HOW TO COMPLETE THIS TASK. The lines below starting at the line containing "Designed to resemble" and ending at the line containing "นางสาวราชสุดา รังสิยากูล รองประธานเจ้าหน้าที่บริหารกิจการพิเศษ" are to be repeated exactly, with both ends kept and nothing else added.

RECORD EXTRACTS.
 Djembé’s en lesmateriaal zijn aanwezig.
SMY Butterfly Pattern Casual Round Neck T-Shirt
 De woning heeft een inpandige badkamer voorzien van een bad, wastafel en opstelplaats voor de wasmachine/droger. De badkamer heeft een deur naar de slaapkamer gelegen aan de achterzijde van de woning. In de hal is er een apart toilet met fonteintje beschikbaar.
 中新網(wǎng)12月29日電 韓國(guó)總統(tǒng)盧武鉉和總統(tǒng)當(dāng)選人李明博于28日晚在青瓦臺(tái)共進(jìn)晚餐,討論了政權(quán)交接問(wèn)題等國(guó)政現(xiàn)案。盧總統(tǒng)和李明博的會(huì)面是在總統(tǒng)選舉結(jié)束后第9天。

...

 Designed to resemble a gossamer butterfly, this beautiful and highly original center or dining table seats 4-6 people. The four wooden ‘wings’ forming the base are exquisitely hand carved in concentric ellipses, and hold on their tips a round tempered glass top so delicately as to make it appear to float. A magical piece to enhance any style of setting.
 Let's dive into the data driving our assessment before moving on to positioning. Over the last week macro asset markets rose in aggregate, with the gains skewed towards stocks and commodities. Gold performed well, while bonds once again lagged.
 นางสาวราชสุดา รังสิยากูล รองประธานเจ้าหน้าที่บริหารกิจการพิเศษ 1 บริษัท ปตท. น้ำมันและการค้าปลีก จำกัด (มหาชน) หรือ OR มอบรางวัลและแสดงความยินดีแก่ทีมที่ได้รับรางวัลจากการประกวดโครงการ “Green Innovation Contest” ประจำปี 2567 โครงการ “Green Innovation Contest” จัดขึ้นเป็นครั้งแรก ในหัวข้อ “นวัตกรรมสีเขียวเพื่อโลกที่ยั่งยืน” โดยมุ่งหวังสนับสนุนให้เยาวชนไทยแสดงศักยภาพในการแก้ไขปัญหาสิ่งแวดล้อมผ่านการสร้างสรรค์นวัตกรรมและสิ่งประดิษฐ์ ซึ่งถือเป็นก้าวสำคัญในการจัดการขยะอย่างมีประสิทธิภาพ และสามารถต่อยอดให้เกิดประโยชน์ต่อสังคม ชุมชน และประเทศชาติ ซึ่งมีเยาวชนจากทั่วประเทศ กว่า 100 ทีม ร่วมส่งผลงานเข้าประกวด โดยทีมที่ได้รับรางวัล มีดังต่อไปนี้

THE ANSWER.
 Designed to resemble a gossamer butterfly, this beautiful and highly original center or dining table seats 4-6 people. The four wooden ‘wings’ forming the base are exquisitely hand carved in concentric ellipses, and hold on their tips a round tempered glass top so delicately as to make it appear to float. A magical piece to enhance any style of setting.
 Let's dive into the data driving our assessment before moving on to positioning. Over the last week macro asset markets rose in aggregate, with the gains skewed towards stocks and commodities. Gold performed well, while bonds once again lagged.
 นางสาวราชสุดา รังสิยากูล รองประธานเจ้าหน้าที่บริหารกิจการพิเศษ 1 บริษัท ปตท. น้ำมันและการค้าปลีก จำกัด (มหาชน) หรือ OR มอบรางวัลและแสดงความยินดีแก่ทีมที่ได้รับรางวัลจากการประกวดโครงการ “Green Innovation Contest” ประจำปี 2567 โครงการ “Green Innovation Contest” จัดขึ้นเป็นครั้งแรก ในหัวข้อ “นวัตกรรมสีเขียวเพื่อโลกที่ยั่งยืน” โดยมุ่งหวังสนับสนุนให้เยาวชนไทยแสดงศักยภาพในการแก้ไขปัญหาสิ่งแวดล้อมผ่านการสร้างสรรค์นวัตกรรมและสิ่งประดิษฐ์ ซึ่งถือเป็นก้าวสำคัญในการจัดการขยะอย่างมีประสิทธิภาพ และสามารถต่อยอดให้เกิดประโยชน์ต่อสังคม ชุมชน และประเทศชาติ ซึ่งมีเยาวชนจากทั่วประเทศ กว่า 100 ทีม ร่วมส่งผลงานเข้าประกวด โดยทีมที่ได้รับรางวัล มีดังต่อไปนี้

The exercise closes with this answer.